It’s like with “isomorphic” code. That just sounds much cooler than “js that runs on the client and the server”.
> is KVM a hypervisor? is it type 1 or type 2? is QEMU a hypervisor, is it type 1 or type 2? if QEMU is using KVM, is QEMU then not a hypervisor in that use case?
Yes, KVM (Kernel-Based Virtual Machine) is indeed a hypervisor. It's a type 1 hypervisor, also known as a "bare metal" hypervisor. This is because KVM directly runs on the host's hardware to control the hardware and to manage guest operating systems. The fact that it's a Linux kernel module that allows the Linux kernel to function as a hypervisor makes it very efficient.
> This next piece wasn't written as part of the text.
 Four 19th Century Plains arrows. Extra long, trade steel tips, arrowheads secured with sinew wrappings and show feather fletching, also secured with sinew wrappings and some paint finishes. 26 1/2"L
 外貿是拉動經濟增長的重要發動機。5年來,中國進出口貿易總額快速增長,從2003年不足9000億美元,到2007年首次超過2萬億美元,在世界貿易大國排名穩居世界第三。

QEMU (Quick Emulator) is a bit more complex. By itself, it is technically a type 2 or "hosted" hypervisor, meaning it runs within a conventional operating system environment. QEMU is a generic, open-source machine emulator and virtualizer that can emulate a variety of hardware types and host a range of guest operating systems.
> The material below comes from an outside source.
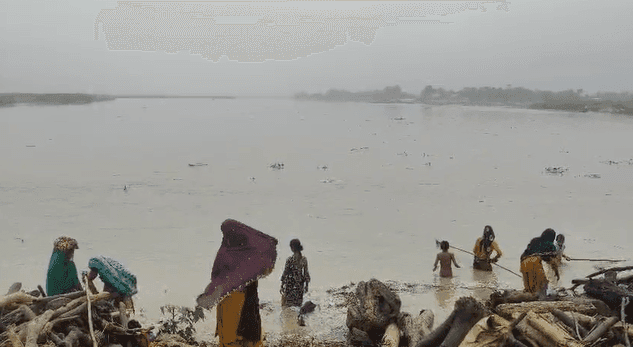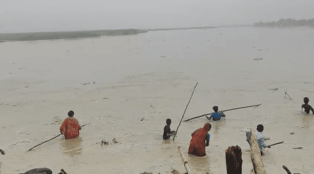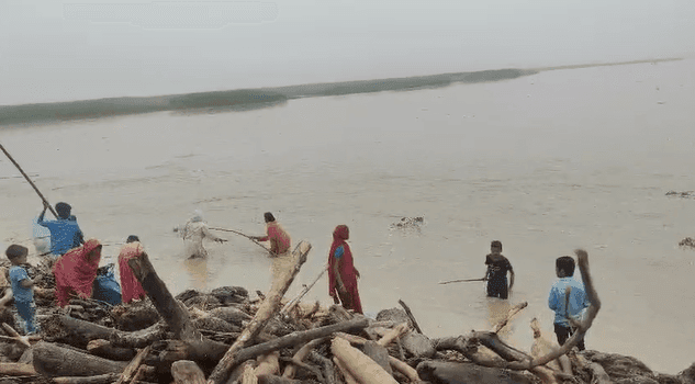 कोसी पूर्वी तटबंध के इलाके में महिलाएं, बच्चे और बुजुर्ग पानी में उतरकर बहती लकड़िया चुनते दिखाई दे रहे हैं. लकड़ी को जलावन या बेचने के साधन के रूप में इकट्ठा करने की यह मजबूरी अब दुर्घटना की आशंका में बदलती जा रही है.

However, when QEMU is used with KVM, the picture changes somewhat. In this case, KVM provides the hardware virtualization where it allows the host machine to call CPU instructions of full virtualization. Then, QEMU emulates the hardware resources and provides the user interface for the VM, thus allowing for better performance and usability. It's this combination of KVM's hardware acceleration capabilities and QEMU's emulation capabilities that makes them often used together.
In this case, QEMU is not acting purely as a hypervisor; it's providing hardware emulation and user interface for the VMs, while KVM is the part providing the hypervisor functionality. However, we often refer to the combination of "QEMU/KVM" as a unit when talking about this mode of operation.
And virt-manager indeed manages Libvirt machines so it's not at the level of QEMU as you wrote in the parent comment:
> Proxmox is a virtual machine manager (like QEMU, virt-manager)
If you actually played with Xen you'd know it's not actually easier to manage. And increased security claims are dubious at best, as same thing that would be attacked (dom0 managing the whole thing and running linux) have direct unfettered access to xen microkernel. There is reason many sites migrated away from Xen to KVM. Also many Xen drivers de facto run part Linux dom0 instance so you don't even get that isolation.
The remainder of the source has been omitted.